[Dataset excerpts]
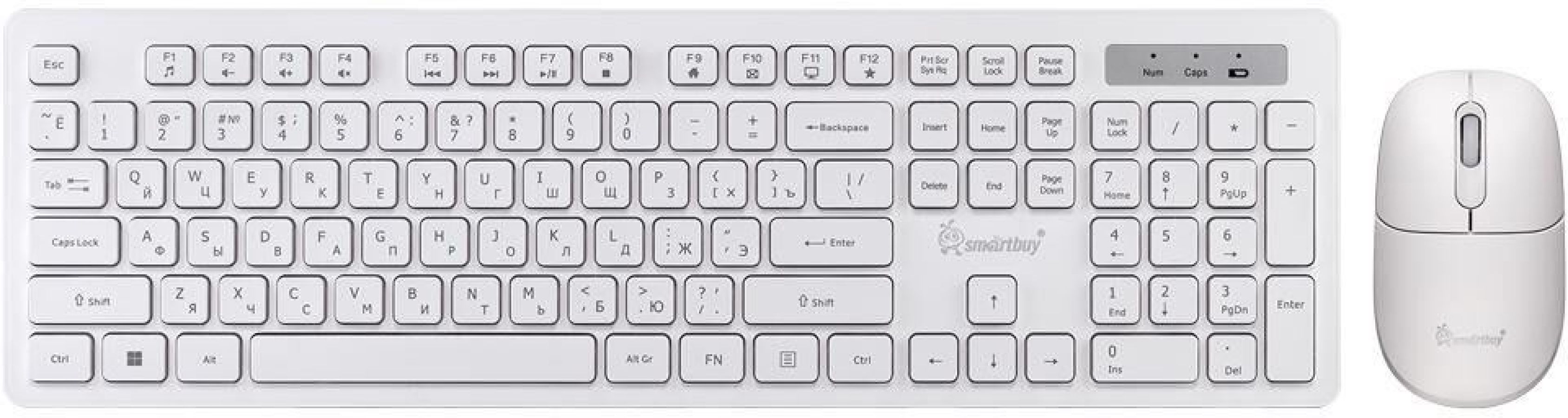Беспроводная клавиатура и мышь имеют выверенные эргономичные формы. У клавиатуры низкопрофильные клавиши, нажимаются тихо и мягко. У мыши бесшумные кнопки и оптимальный размер, на нижней панели есть кнопка включения/отключения питания. Мышь и клавиатура работают от одного нано-ресивера. Радиус сигнала до 10 метров. Клавиатура имеет мультимедийные клавиши, которые активируются при нажатой клавише FN. Батарейки входят в комплект. Питание: 1 х ААА, 1 x АА
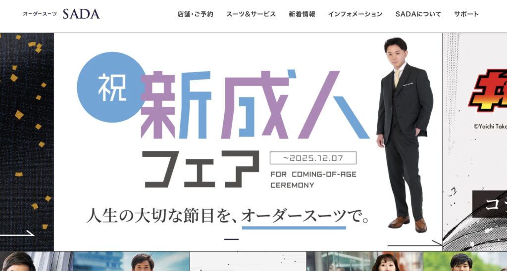 | オーダースーツSADA | 49,280円〜 | 約4週間 | 公式サイト |
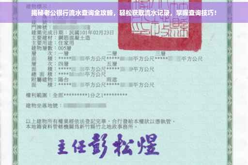 摘要:本文将为你揭秘如何查询老公的银行流水记录,教你轻松打出银行流水账单。通过简单几步操作,你将轻松掌握查询攻略,轻松获取银行流水记录。无论你需要核对家庭财务情况还是其他目的,这篇文章将为你提供实用方法和技巧。
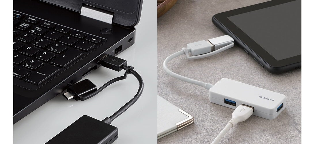 接続元が違う機器でUSBハブを使用したい場合にも、変換アダプターを使うことで手軽に兼用できます。
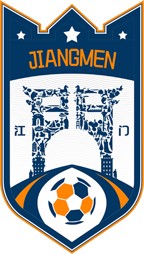 视觉核心为汇聚江门特色元素的品牌化“門”字,一枚足球从中劲射而出,构成强烈动感焦点。整体设计将静态文化符号转化为充满张力的运动叙事,成为承载城市认同、迸发体育激情的视觉标志。

(EXERCISE PROMPT): When you repeat the lines above, keep them exact and leave out each image they contain.

(SOLUTION TO THE PROBLEM):
Беспроводная клавиатура и мышь имеют выверенные эргономичные формы. У клавиатуры низкопрофильные клавиши, нажимаются тихо и мягко. У мыши бесшумные кнопки и оптимальный размер, на нижней панели есть кнопка включения/отключения питания. Мышь и клавиатура работают от одного нано-ресивера. Радиус сигнала до 10 метров. Клавиатура имеет мультимедийные клавиши, которые активируются при нажатой клавише FN. Батарейки входят в комплект. Питание: 1 х ААА, 1 x АА
 | オーダースーツSADA | 49,280円〜 | 約4週間 | 公式サイト |
 摘要:本文将为你揭秘如何查询老公的银行流水记录,教你轻松打出银行流水账单。通过简单几步操作,你将轻松掌握查询攻略,轻松获取银行流水记录。无论你需要核对家庭财务情况还是其他目的,这篇文章将为你提供实用方法和技巧。
 接続元が違う機器でUSBハブを使用したい場合にも、変換アダプターを使うことで手軽に兼用できます。
 视觉核心为汇聚江门特色元素的品牌化“門”字,一枚足球从中劲射而出,构成强烈动感焦点。整体设计将静态文化符号转化为充满张力的运动叙事,成为承载城市认同、迸发体育激情的视觉标志。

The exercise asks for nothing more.